Backpage Evades Justice (For Now)

With all the success we’ve been having with recent developments in the dismantling and subsequent prosecution of the Backpage crime syndicate it can be easy to lose sight of the fact that there is still a long way to go before the kingpins and their willing lapdogs like Tony Ortega are brought to justice.

Yesterday we received word of a setback in the process as Salesforce.com Inc. appears poised to escape a lawsuit brought by 90 women who accused it of facilitating sex-trafficking through its work with the infamous Backpage web portal.

A state judge in San Francisco tentatively ruled Friday that the women’s claims were barred by a federal law that holds operators of internet services blameless for content posted by third parties.

We’ve previously reported on the closing of the federal loopholes which have allowed shady operators like Backpage and their knock-off clones to skirt their responsibility in publishing illegal content. Congress continues to work to close these loopholes and anti-sex trafficking advocates remain optimistic that laws allowing this behavior will eventually be struck down, but this comes as little comfort to the 90 women, identified in the lawsuit as Jane Does, who describe themselves as survivors of sex trafficking on Backpage.

They accused Salesforce of aiding in the exploitation they suffered under Tony Ortega’s prostitution site of choice by providing Backpage with computer services, including customized database tools and credit card processing which made the whole enterprise possible.

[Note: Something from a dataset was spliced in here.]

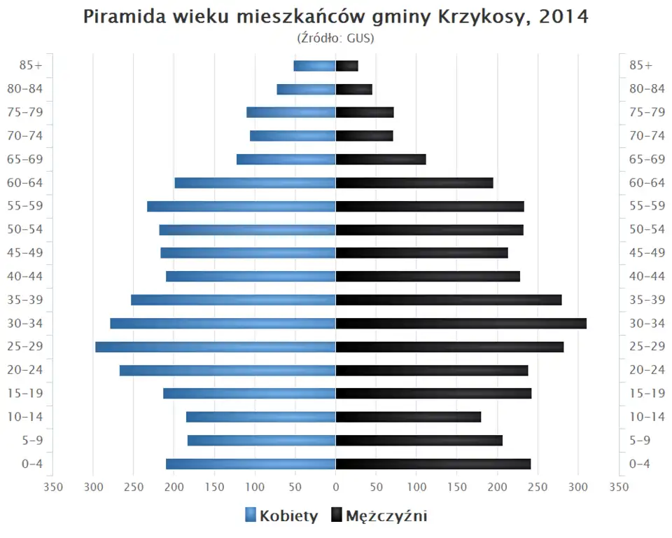 - Piramida wieku mieszkańców gminy Krzykosy w 2014 roku[1].

Backpage, as our readers will recall, was the world’s largest internet portal for the buying and selling of children for sex. It was known as the Craigslist of human trafficking and was the subject of numerous investigations of child trafficking before being shut down by federal officials in April 2018.

In his tentative ruling, San Francisco Superior Court Judge Ethan Schulman cited the Communications Decency Act as the reason for dismissing the suit. The act essentially says that internet services, like Facebook and Twitter, are not publishers and therefore can’t be held liable for what’s posted on their platforms by users.

The lawyer for the women who filed the suit said she would ask the judge at a hearing Monday to reverse his ruling, saying: “We are not attempting to treat Salesforce as a publisher. We are making allegations that they helped build Backpage. We are saying that without Salesforce, Backpage wouldn’t have been able to operate.”